But the film is not only critical of white punks' negligence or unacknowledged privilege. Accused of "trying to be white," the interviewees maintain that much of the animosity and alienation -- made worse because of a higher degree of investment both emotional and historical -- has come from their families and black peers. There are plenty of stories here about being stuffed into garbage cans, being jumped for wearing punk gear, being spat upon and generally despised by other black kids in high school. And in another of the more powerful sequences here, the interviewees discuss their complicated responses to seeing other black punks at shows or on the streets. Laughing, some of them report feelings that the other black person is "trespassing" on their territory: "I'm supposed to be the only black person here!" Others debate the desire to speak to every other black person at a show because of the isolation. And one woman, sitting outside a club in a puff-sleeved shirt, gestures ruefully as she explains her dilemma -- excitement at seeing another black person or person of color in the same venue, and a weird shame for being "discovered" in a scene that excitement at such a surprising appearance would be possible. But it is the film's willingness to embrace such contradictions and complexity in mapping the trials and tribulations of being black and being punk (along with the pleasures and the joys) that leaves an imprint, long after the credits have rolled.

Two years in the making, Spooner is clear about his priorities -- first and foremost, this is a film about black subculture for black people. Having once sported a mohawk himself, he says, "I wanted to make the movie that I wished I had as a kid." (At the bottom of his list of priorities, is reiterating to white punk rock audiences the critical nature of race and racism in everyday life, and the privileges they maintain even as punks.) The film has garnered some mainstream black press and so far the warm reception has been rewarding. For Spooner, this success confirms the importance of this attempt to make black punk rockers intelligible to black audiences who, as the interviewees relate, might have once scorned these outsiders as "white wannabes," "devil worshippers," or "fags." "The thing that keeps me going," he relates, "is what happens when I go out to promote the film. I always have flyers with me for the film and when I see black kids into something weird, I'll go up to them and talk to them about the documentary. And they get all shy, especially when they're with white people. It's like they think,  'Why are you calling me out? It's taken this long for them to forget that I'm black!' And I think I know what that feels that, so maybe they'll recognize and see themselves in the other people in the film." And as Spooner and most of his black subjects note, rock 'n' roll was an invention of African Americans. Mounting a fierce attack on the belief that rock is a "white thing," the subjects cite a long, semi-buried history of black innovation in guitar-based music being reconstructed by Detroit's Mick Collins (The Gories, The Dirtbombs) and Lisa Kekaula (The Bellrays) and more mainstream black artists like Mos Def and Wyclef Jean. As one interviewee suggests, "Check out Jimi."
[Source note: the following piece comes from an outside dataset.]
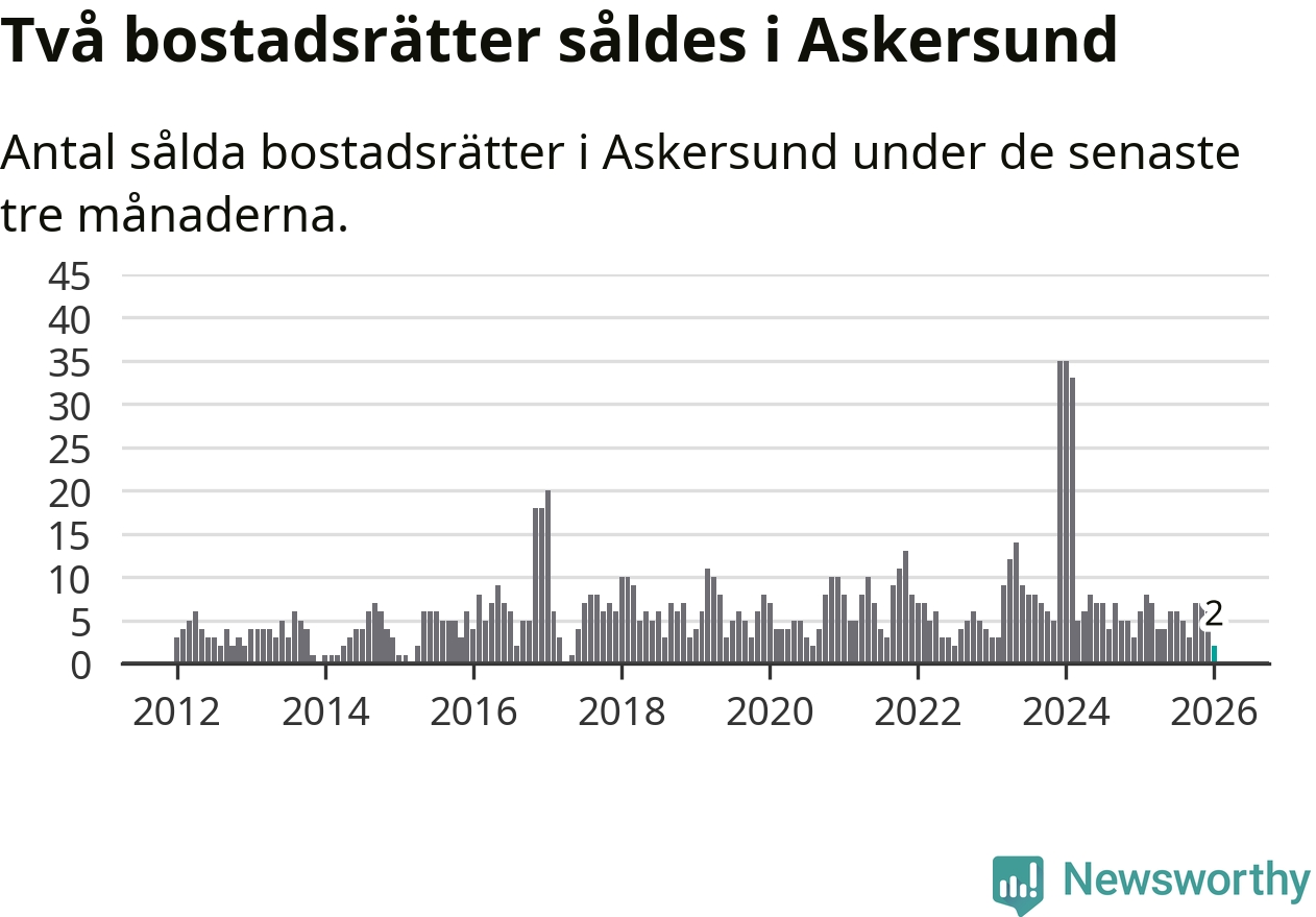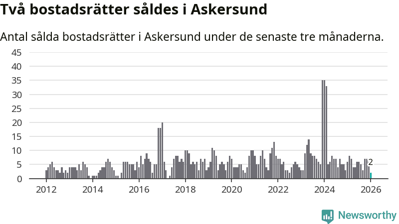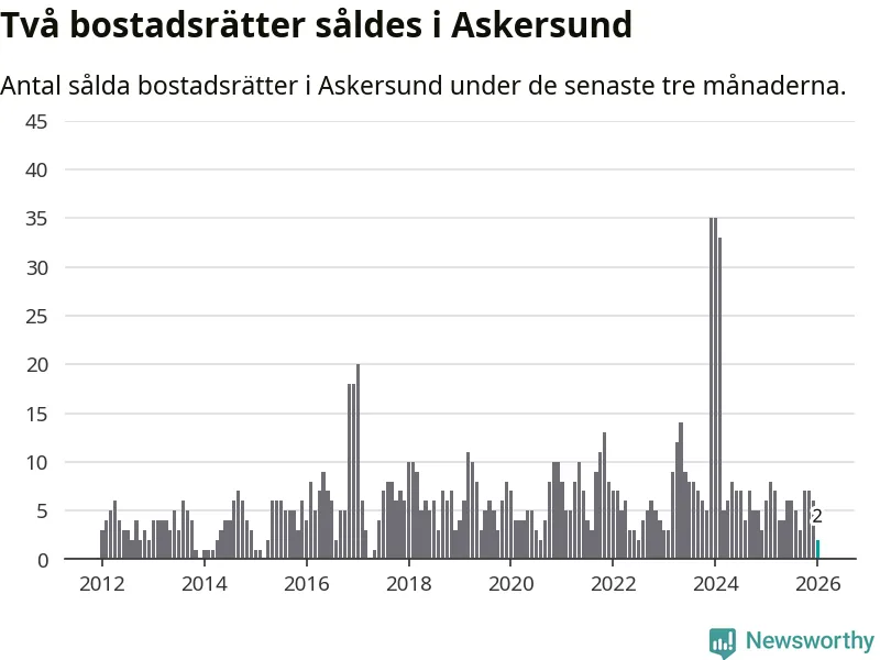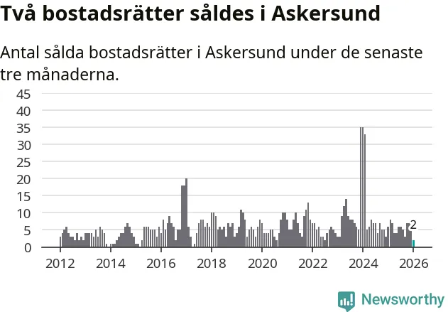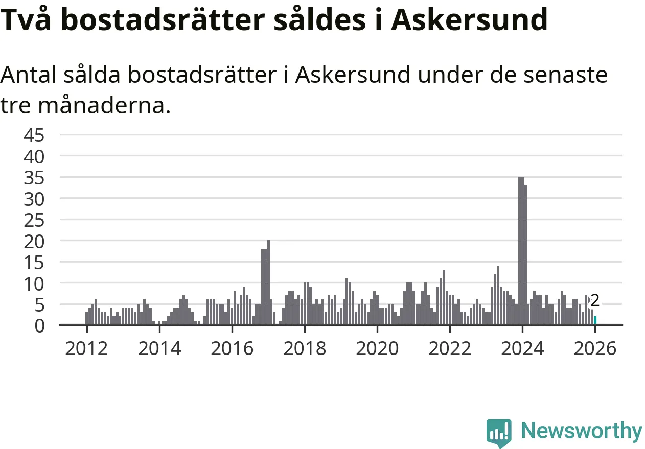 Mellan november och januari gjordes sammanlagt två affärer med bostadsrätter i Askersunds kommun. Det kan jämföras med sex vid motsvarande tid i fjol.

Spooner offers no set resolution or fixed relation of race to punk rock, but does suggest that in the final tally, blackness is nonetheless policed in ways that a mohawk is not. An interviewee tells a story familiar to black men in America -- being pulled over by police officers while out for a walk. "There's no question, I don't have to say, 'Am I a part of the black community?' I walk out and I figured out all black people are part of the black community. You don't have to do anything, you're black. That was comforting." The film fades to black to the sounds of his wry laughter.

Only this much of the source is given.